In summary, a novel series of picolinamide-based derivatives were designed and synthesized as potential VEGFR-2 inhibitors, and their structures were characterized by ¹H NMR, ¹³C NMR, HRMS and single crystal X-ray diffraction. The antiproliferative activities were evaluated against A549 and HepG2 cell lines with Sorafenib (IC₅₀ = 19.3 μM and 29.0 μM) and Axitinib (IC₅₀ = 22.4 μM and 38.7 μM) as references. Of these derivatives, 8j (IC₅₀ = 12.5 μM and 20.6 μM) and 8l (IC₅₀ = 13.2 μM and 18.2 μM) emerged as the most active members against both cell lines.

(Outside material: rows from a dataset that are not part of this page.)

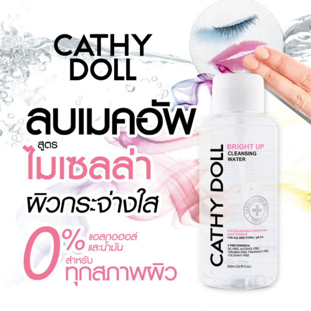 Cathy Doll ไบร์ทอัพคลีนซิ่งวอเตอร์ 500ml (คลีนซิ่ง ล้างเครื่องสำอาง ลบเมคอัพ)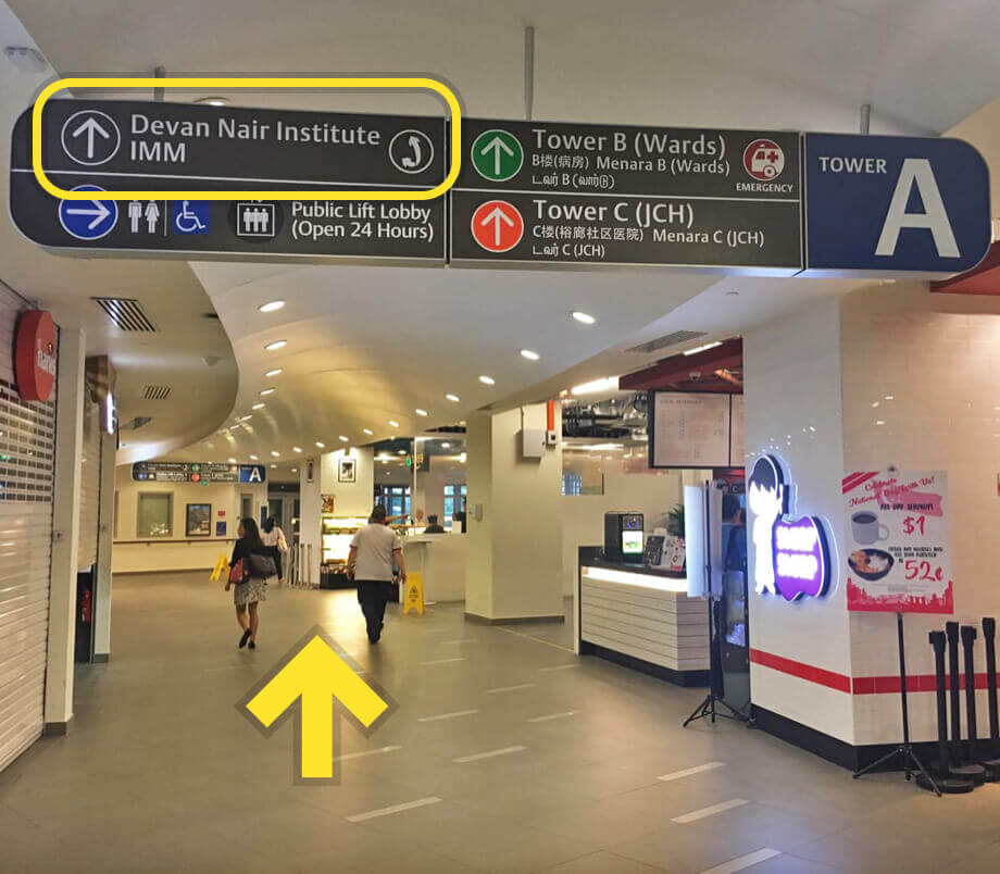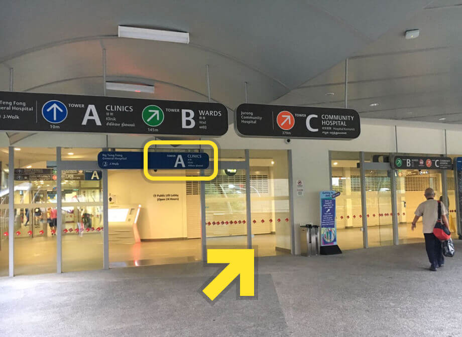 Enter Ng Teng Fong Hospital Tower A and turn right.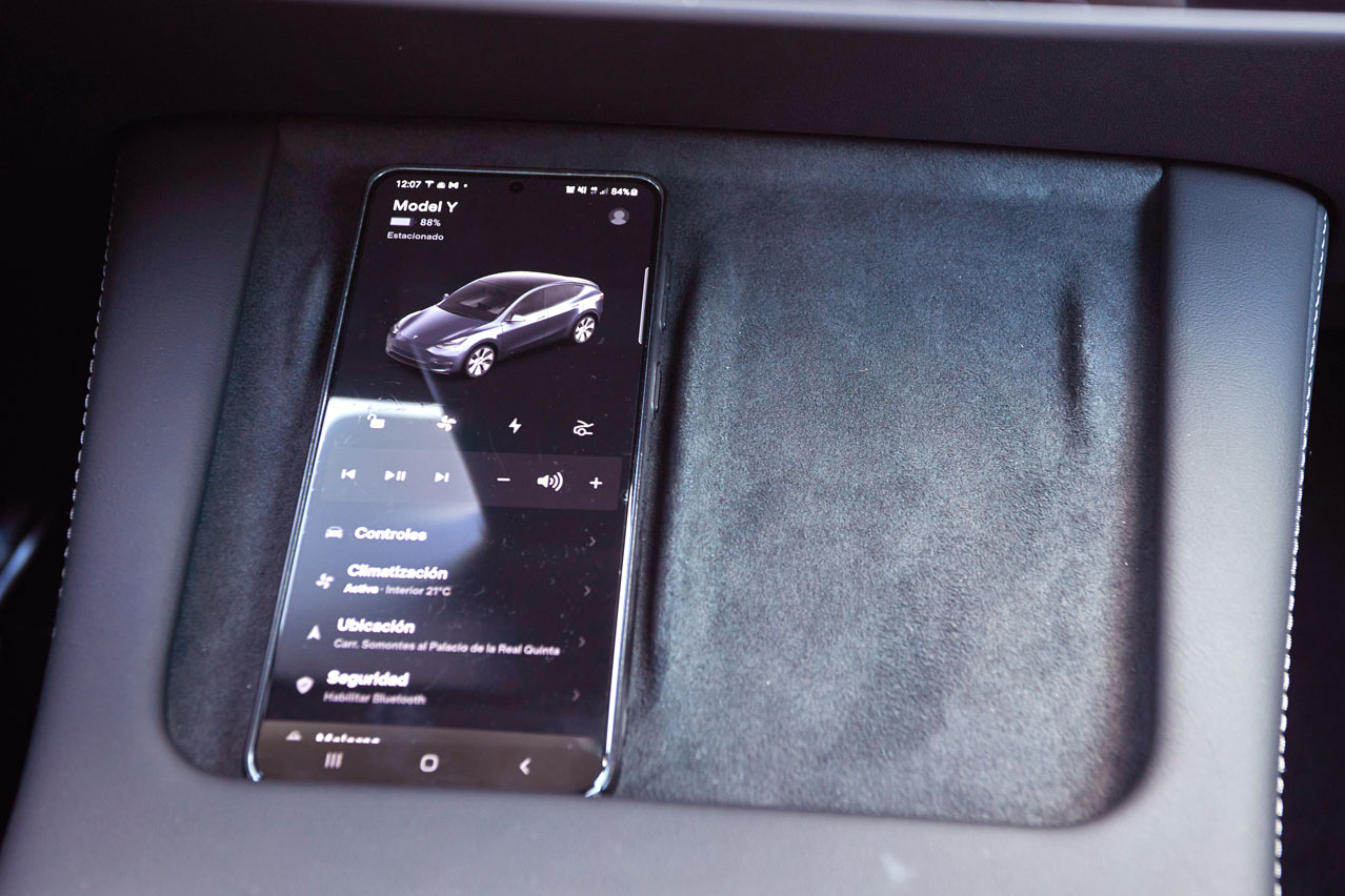 Los asientos son muy cómodos, tanto el respaldo como la banqueta, aunque para su desplazamiento tienes que pulsar un par de botones físicos... Vaya, analógico. Van tapizados en 'piel vegana', como lo denomina Tesla, aunque es piel sintética de toda la vida. También lo es la Alcantara que va en alguna zona de los paneles de las puertas y en la superficie donde se dejan los dos móviles, ¡dos! Es la primera vez que veo que un coche pueda cargar de forma inalámbrica un par de smartphone...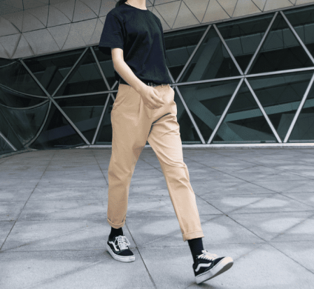 网友小美问: 卡其色上衣配黑色紧身裤会不会太普通?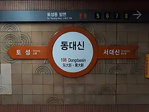 Dongdaesin Station (Korean: 동대신역; Hanja: 東大新驛) is a station of the Busan Metro Line 1 in Dongdaesin-dong, Seo District, Busan, South Korea.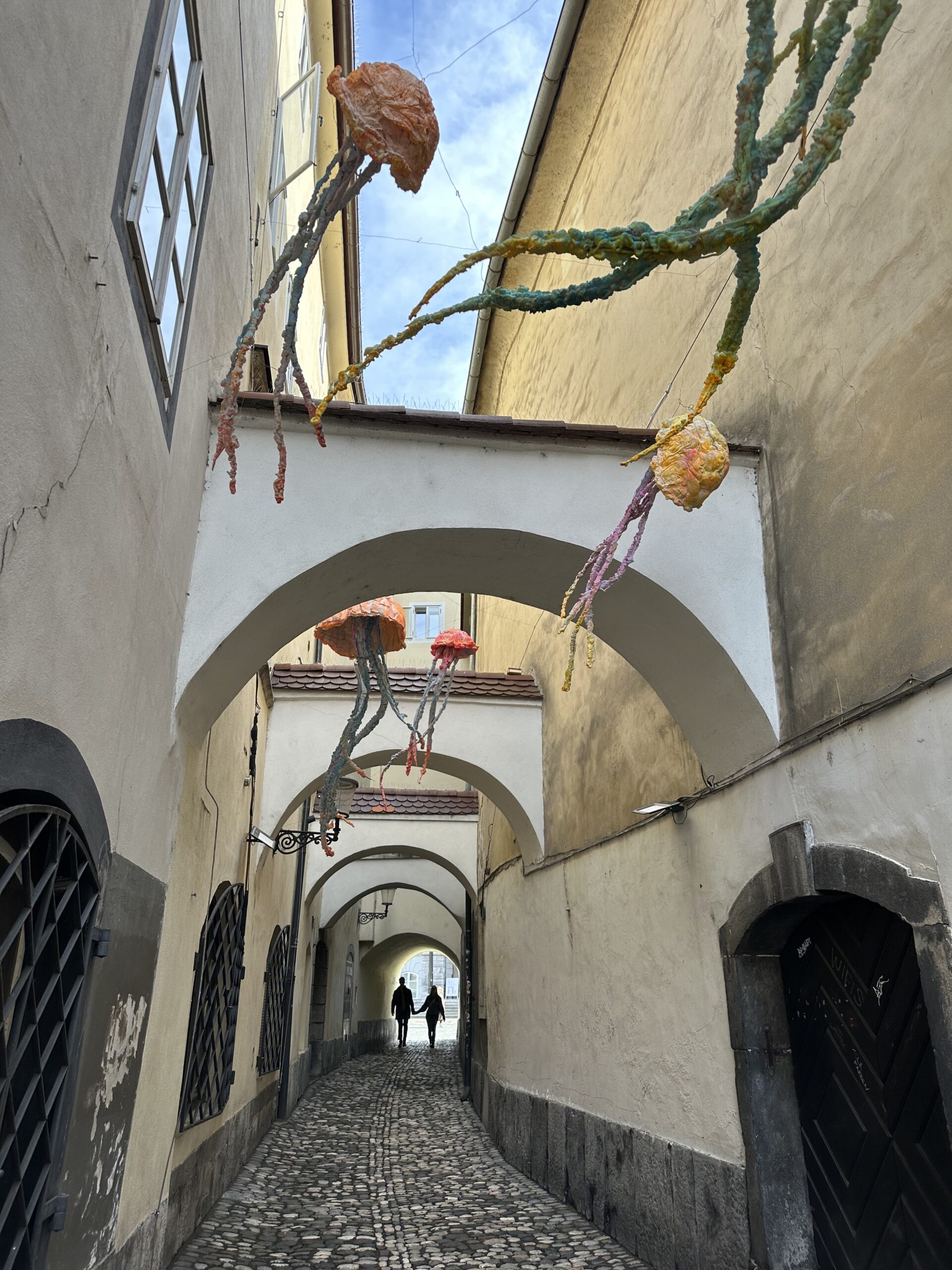 Heute bin ich ausgeschlafen aufgewacht, habe ein leckeres Frühstück genossen und bin dann in die Stadt gelaufen. Am Abend zuvor hatte ich mich für eine Free Walking Tour angemeldet. Die Tour war äußerst interessant und bot eine abwechslungsreiche Möglichkeit, Ljubljana näher kennenzulernen. Danach ging ich noch einmal zur Burg und genoss bei wolkenlosem Himmel die Sonne und die angenehme Wärme – vor allem die Wärme, die ich in den letzten Tagen in den Alpen vermisst hatte.

Also, 8d and 8k displayed good inhibitory activities against A549 with IC₅₀ = 16.2 μM and 15.6 μM, and 8a and 8u exhibited effective inhibitory activities against HepG2 with IC₅₀ = 21.6 μM and 22.4 μM. The inhibitory activities of the most active compounds 8a, 8j, 8l and 8u against VEGFR-2 were further evaluated. Compound 8l was found to be the most active compound against VEGFR-2 with an IC₅₀ value of 0.29 μM. Molecular docking was performed to investigate the binding capacity and binding mode with VEGFR-2. The docking results indicated that 8j (ΔG = –10.28 kcal mol^–1, K_i = 0.029 μM) and 8l (ΔG = –10.52 kcal mol^–1, K_i = 0.019 μM) exhibited better binding capacities, corresponding to their antiproliferative activities. The representative compound 8l showed a good binding mode with VEGFR-2. The N1-nitrogen of pyridine and the NH group of picolinamide formed two essential hydrogen bonds with Cys919. The central aryl moiety and the terminal pyridine ring were involved in hydrophobic interactions with residues. In conclusion, these compounds have strong potential to be further developed as novel VEGFR-2 inhibitors. Further structural optimization of the most active candidates may lead to the discovery of better inhibitors, and the studies are currently in progress.

Conflicts of interest

All the authors declare that there is no conflict of interest.